The music populated our home, as though
suddenly they had forty children more, the new ones
dancing in tiny, all-over dots around the three
they did have who sat, enraptured, quiet finally,
and listened. My father stopped then, too, stopped
the fast he was accustomed to and smiled, slight,
knowing something secret, a man in love.
Other times his eyes didn't see, or they saw
financial security, a far-off land, unreachable
with music, his teacher's salary, or the extra
change he made delivering bread, his mornings
not for sleep but for keeping our four heads
pressed into pillows as he went out
into the night and drove loaves from factory
to doorstep, then entered the classroom
somehow awake enough to show
how the derivative of the cosine is negative
the sine. Sometimes her notes were a song
that foretold our downfall. Taxes each year
took more than he could afford.

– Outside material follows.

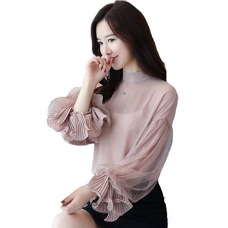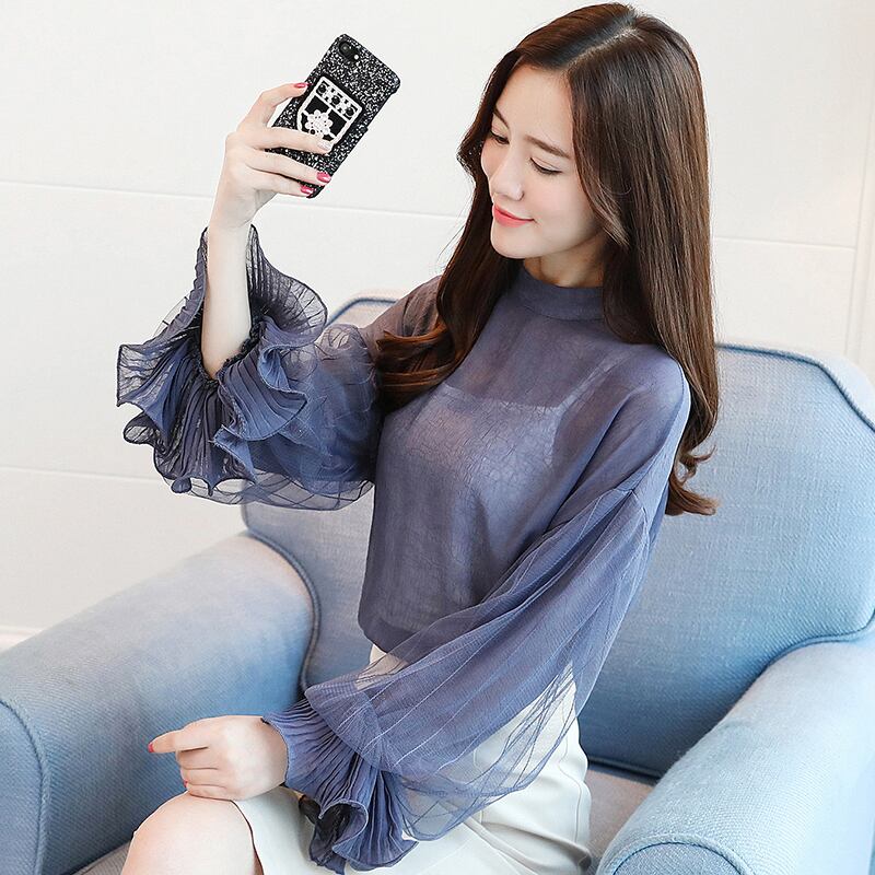 ルーズ 無地パフスリーブラウンドネックシフォンブラウス 【DL-274】
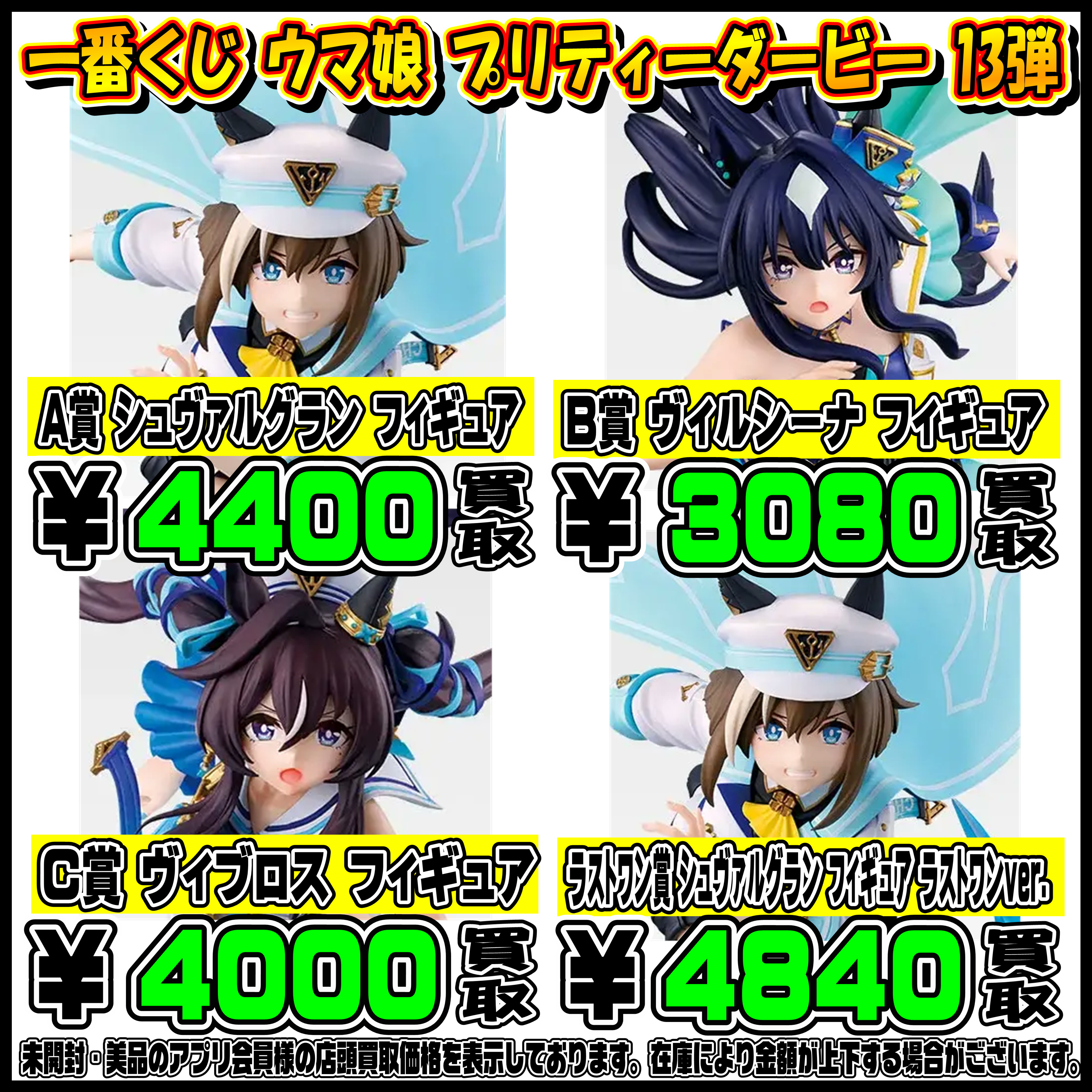 新作一番くじ買取リスト更新しました! 4/9~ メダリスト・スト6・ヒロアカ・ウマ娘 など

With each dollar
gone, there went a new shoe, here came the thread
my brother used to sew a shirt that passed
from father to son to brother to me. In those notes,
in her strict wrists, in the minor descending key,
she made the soundtrack of our fleeting home:
togetherness depreciated at an insolvable rate
per year, as Mom stayed here and Dad went there—
until five had reached a hundred
and we were dissolved into the last,
lilting notes of the song.
I took that piano apart,
my dad wrote,
piece by piece the sound—
the sound of her playing stayed too long
in his head, so with his hands he took it out
until the song was wood again.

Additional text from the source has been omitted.